Working out of the monastery in Leipzig-Wahren, he helped people escape the Nazi-occupied country. He hid more than 100 people in the monastery, concealing them and providing them with false identification documents, while he sought places for them to stay. About a couple of dozen times, he was interrogated and beaten by the Gestapo. Dozens of people worked with Arkenau, including Dr. Karl Gelbke, Hildegard Kühnel, a nurse, and Erich Zeigner, who was a social democrat. Of many backgrounds and ideologies, they helped save Jews and Christians as well as soldiers who had deserted the military.

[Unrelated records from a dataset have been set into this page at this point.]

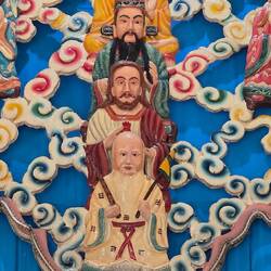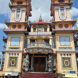 Unser neuer Guide mit Chauffeur holt uns ab in Richtung Mekong.Unterwegs sehen wir noch einen Tempel, der 3 Religionen miteinander vermischt.
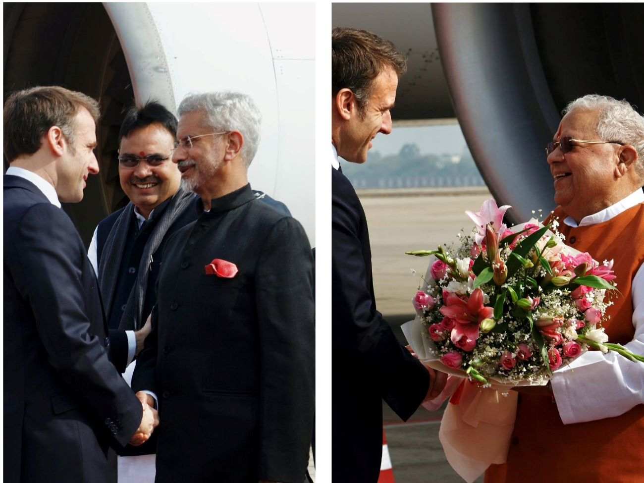 ભારતના MEA એ X પર એક પોસ્ટમાં જણાવ્યું હતું કે,“Bienvenue en Inde! ફ્રાન્સના રાષ્ટ્રપતિ @Emmanuel મેક્રોનનું રાજસ્થાનના રાજ્યપાલ @KalrajMishra  @DrSJaishankar અને રાજસ્થાનના CM @BhajanlalBjp દ્વારા ઉષ્માભર્યું સ્વાગત કરવામાં આવ્યું જ્યારે તેઓ ઐતિહાસિક શહેર જયપુર પહોંચ્યા હતા. રાષ્ટ્રપતિ મેક્રોન 75મા પ્રજાસત્તાક દિવસની ઉજવણીમાં મુખ્ય અતિથિ છે”
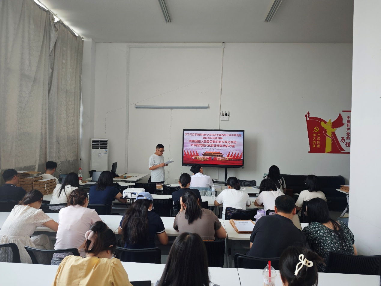活动伊始,何文成同志首先带领全体党员深入学习了习近平总书记的回信内容。回信中,习近平总书记对谢依特小学戍边支教西部计划志愿者服务队全体队员给予了高度评价,赞扬他们“到祖国和人民最需要的地方去”的崇高精神,并鼓励广大青年为中国式现代化建设贡献青春力量。何文成同志强调,这封回信不仅是对青年志愿者的肯定,更是对全体思政课教师的殷切期望。他指出,作为马克思主义学院的教师,要深刻领会回信精神的丰富内涵,将习近平总书记的嘱托转化为教书育人的实际行动。
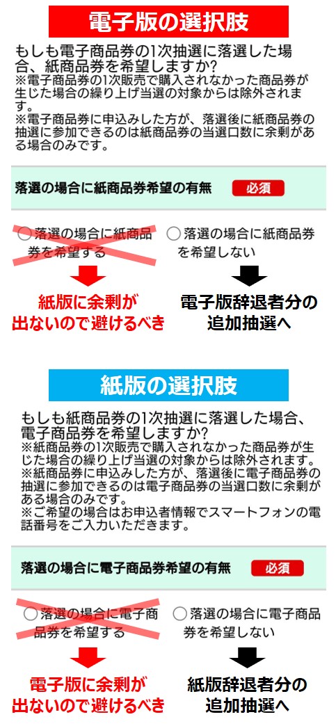 今回は紙版・電子版ともに申込率が100%を超えているので無意味なうえ、左の選択肢を選ぶと辞退者が出て追加抽選が行われる際に追加抽選対象外となります。
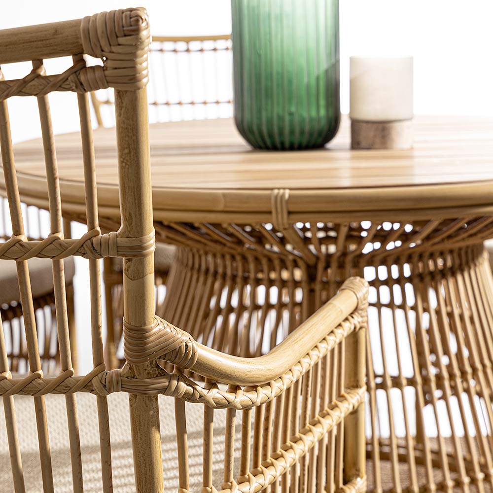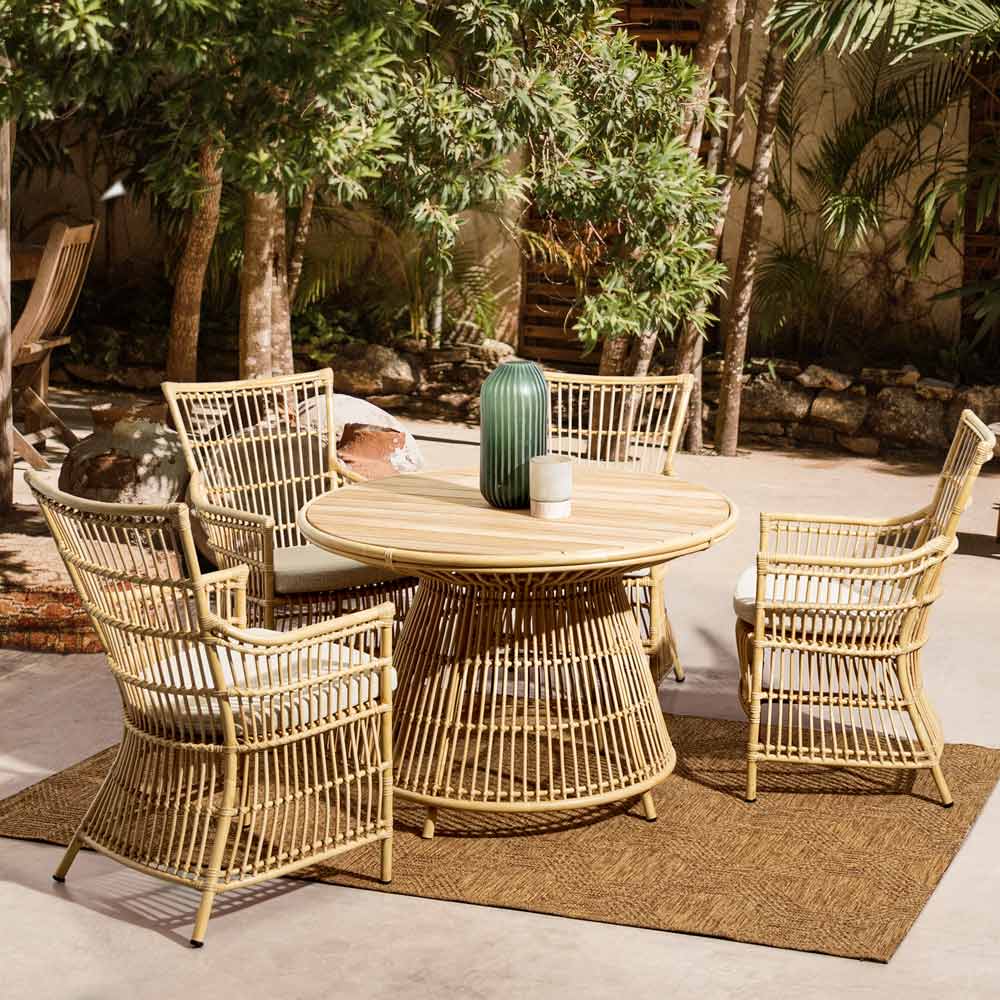 Kjo tavolinë kopshti është një kryevepër e vërtetë e dizajnit dhe funksionalitetit . Me formën e tij organike dhe linjat e pastra, është një element arredimi që shquhet për stilin dhe elegancën e tij , i përsosur për të shtruar dreka dhe darka në natyrë. Pjesa e sipërme e tavolinës është prej druri, duke siguruar qëndrueshmëri të jashtëzakonshme dhe mirëmbajtje të lehtë. Baza e aluminit me efekt bastun prej palme kacavjerrëse krijon një efekt vizual lehtësie dhe hapjeje , duke lejuar që tavolina të integrohet në mënyrë të përsosur me mjedisin përreth, qoftë gjelbërimi i kopshtit apo tarraca e një shtëpie moderne. Jo thjesht një tavolinë, por një pikë takimi , ku dizajni dhe natyra ndërthuren për të krijuar momente të paharrueshme.
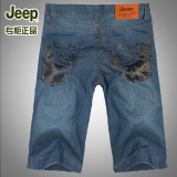吉普牛仔短褲正品中腰男士短褲JEEP商務(wù)休閑男褲直筒男式褲子夏款
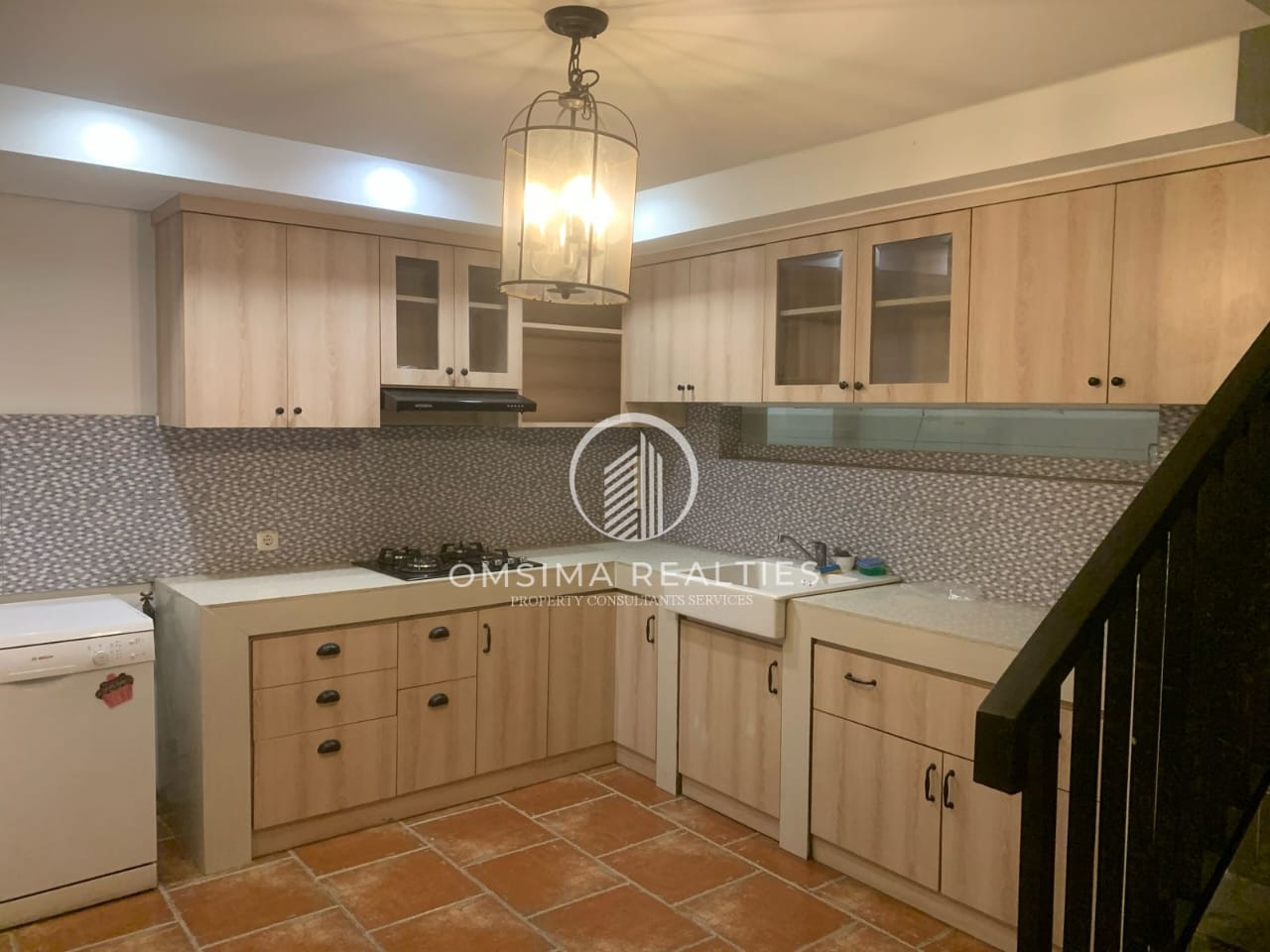 LT 340 m2 LB 440m2 (2 lt + rooftop) Listrik 7.700 watt Furnished Air PAM Bebas Banjir Lt 1: – 1 KT+ KM (Master Bedroom) – R tamu, keluarga, makan – Pantry/ dapur bersih – Dapur dengan diswasher – Kolam renang – 1 KM – garasi 1, carport 3 – ruang security dng CCTV Lantai 2: – 3 KT, 3 KM (1 bathub) – R keluarga – Pantry/dapur bersih Area terpisah: – 1 kamar ART + kamar mandi, gudang – area cuci dengan mesin cuci & mesin pengering Lt3 /RoofTop + gudang

Arkenau helped a Jewish mother Käthe Leibel (who assumed the Sackarndt surname) and her son Joachim-Richard survive the Holocaust. Learning that Käthe and her son were ordered to go to a collection point, Arkenau found a place where she could safely stay with Christian families and provided ration cards and money for their survival. When they needed to move to another, safer area, he provided false identification and a place to stay in Halle. They survived through the end of the war. At Käthe's request, Richard was baptized. He helped Professor Alfred Menzel and Martin Thiele, a communist, survive the war.

Arkenau found homes for infants whose mothers had been put to death at the women's prison in Meusdorf. Arkenau, a chaplain at the prison, found families who were against fascism. He also helped working priests, and three or more daughters of captured French spies.

Arkenau, along with other clergymen, helped Jewish people and anti-fascists at their peril. The Nazis had developed campaigns to stifle religious groups and would follow, persecute, and imprison clergy in prisons or concentration camps. While some of the rescuers were interrogated and beaten, none of the Leipzig rescuers were arrested and they survived the war.

==After the war==
Ardnt co-founded the Christian Democratic Union of Germany (CDU). In 1947, he was Superior in Vechta. He was then a missionary and chaplain in Cologne. He was elected prior in 1962 and lived in Düsseldorf. He led retreats. He lived in a Dominican nursing home in Kirchherten in his later years.

Aurelius Arkenau died in the Kirchherten area of Bedburg on October 19, 1991, and he was buried in the southern cemetery in Düsseldorf. In 1998, a square in the Wahren district of Leipzig was named Pater-Aurelius-Platz after the priest. On October 27, 1998, he received the title Righteous Among the Nations and his name was placed on Yad Vashem's wall of honor in Jerusalem. During a ceremony on August 5, 1999, at Yad Vashem, Avi Primor, the Ambassador of the State of Israel, presented the medal and certificate to the prior of the monastery.